Western blot analysis: To evaluate the effects of CDP-choline and choline on the COX-2 pathway, liver and brain tissue homogenates were prepared with a lysis buffer and run on Sodium Dodecyl Sulfate-Polyacrylamide Gel Electrophoresis (SDS-PAGE). Proteins separated in the gel were transferred onto polyvinylidene fluoride (PVDF) membranes and immunoblotted with primary antibodies specific to COX-2 and β-actin followed by incubation with goat anti-rabbit IgG antibody-HRP conjugate as a secondary antibody. After blotting, protein bands were visualised by using Enhanced Chemiluminescence (ECL) reagent (ThermoScientific 32132)26.

Measurement of serum prostaglandin, TNFα and choline levels: Serum levels of the inactive non-enzymatic hydrolysis product of PGI2, 6-keto-PGF1α, (Abnova, KA0295), PGE2 (Cusabio, CSB-E07967r), TxA2 (Abnova, KA0295), TNFα (Invitrogen, BMS622) and total choline level in serum and brain (Biovision, K615-100) were measured via ELISA according to the manufacturer’s instructions.

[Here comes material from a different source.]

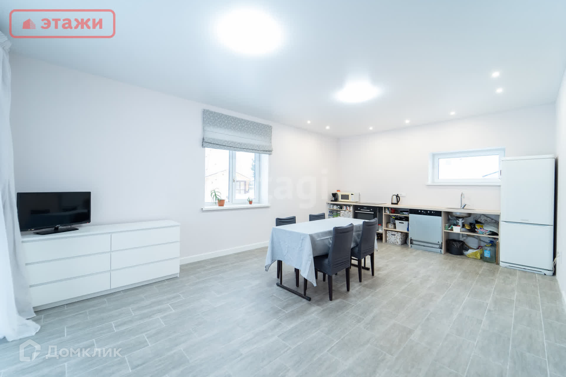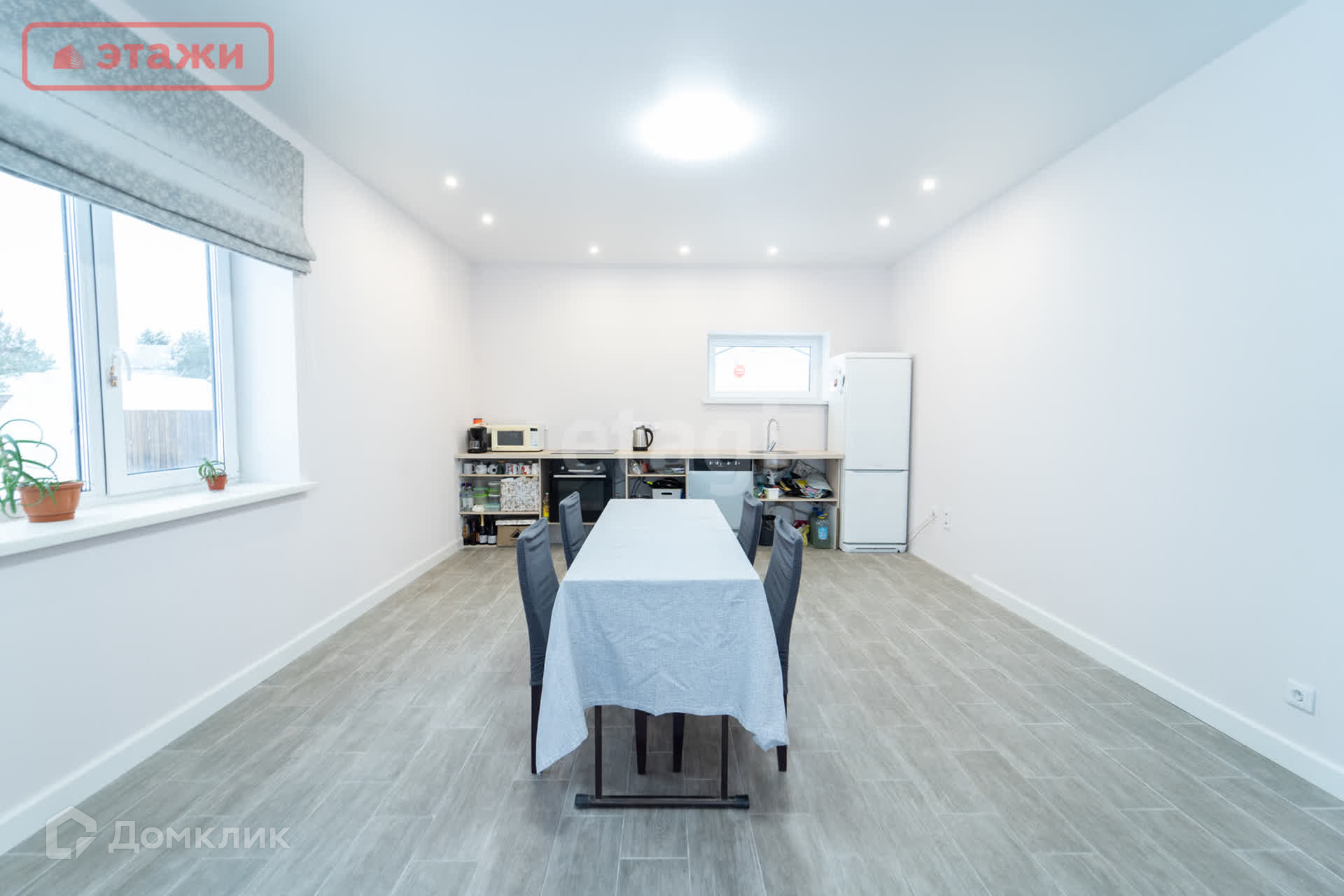 •На первом этаже находятся: просторная кухня - столовая и гостинная, с выходом на терассу. Панорамные окна. Техническое помещение(кдадовка), совмещенный санузел с душевой кабиной.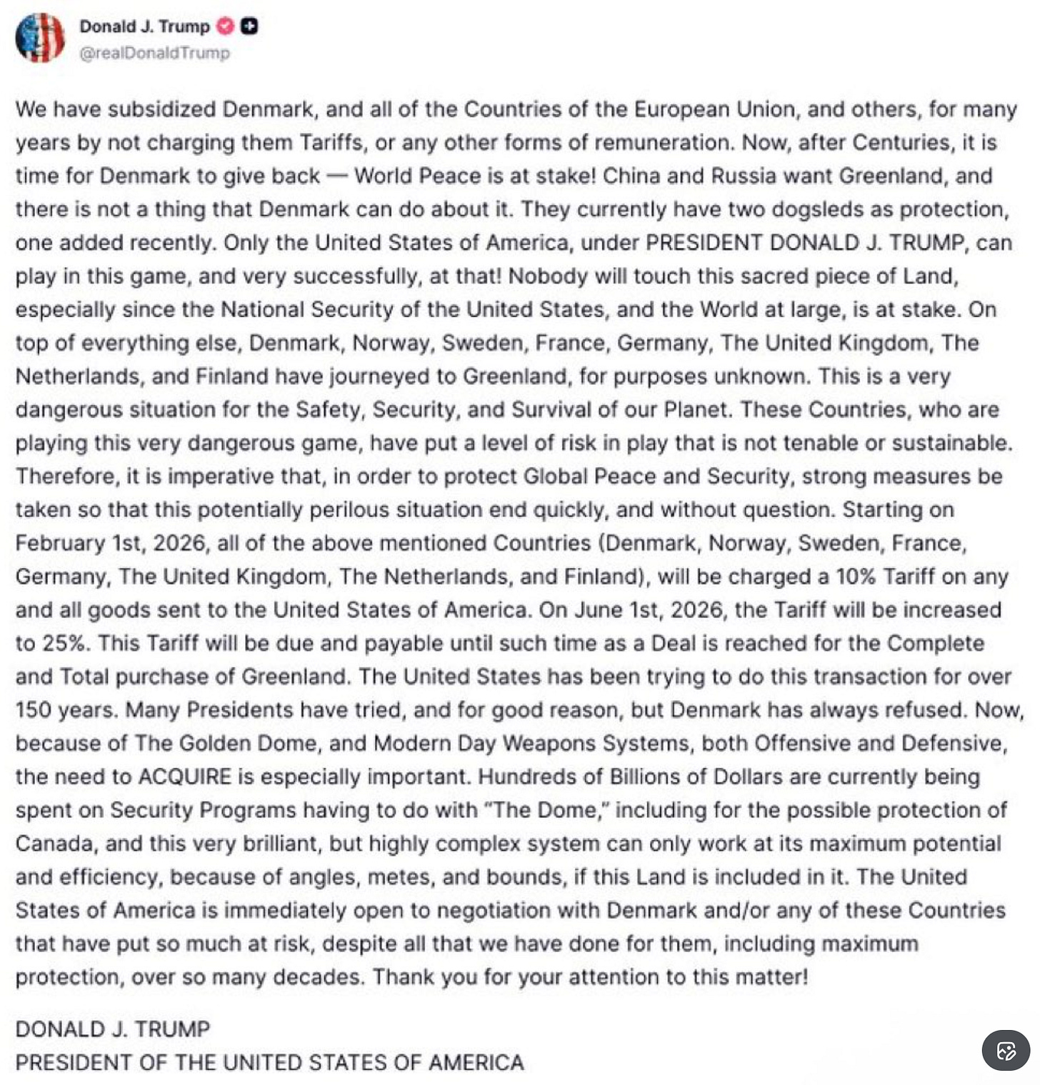 “IF YOU DON’T GIVE US GREENLAND, I WILL MAKE AMERICANS PAY MORE FOR STUFF!!!!!!!”

Table 1: Primer sequences used in real-time quantitative RT-PCR
Target gene Forward sequence Reverse sequence
COX-2 TGTACAAGCAGTGGCAAAGG TAGCATCTGGACGAGGCTTT
TNF α AAATGGGCTCCCTCTCATCAGTTC TCTGCTTGGTGGTTTGCTACGAC
β-actin TGTCACCAACTGGGACGATA GGGGTGTTGAAGGTCTCAAA

Statistical analysis: One-way analysis of variance analysis (ANOVA) with post hoc Tukey-Kramer multiple comparisons for parametric results, Kruskal Wallis for non-parametric results and Student’s t-test or Mann-Whitney U tests for comparison between two groups were employed where appropriate. The survival rate was analyzed by log-rank (Mantel-Cox) test. Statistical analysis were performed by using GraphPad 5(La Jolla, USA). Data were shown as Mean±Standard Error of the mean (SEM) and p<0.05 was accepted as significant.

RESULTS

Survival percentage: LPS+Saline group (n = 12) has 41.6 and 33.3% survival at the 6th and 24th hrs, respectively. The survival ratio decreased in the LPS+Saline group compared to that of the control group (n = 6) at the 6th and 24th hrs (p<0.05 and p<0.01). The percentage survival in LPS+CDP-choline and LPS+choline groups (n = 10) compared to LPS+Saline group was improved to 80.0% (p = 0.07) at the 6th hrs, whereas that of LPS+CDP-choline group and LPS+choline group at 24th hrs was 50.0 (p = 0.22) and 60.0% (p = 0.44), respectively (Table 2).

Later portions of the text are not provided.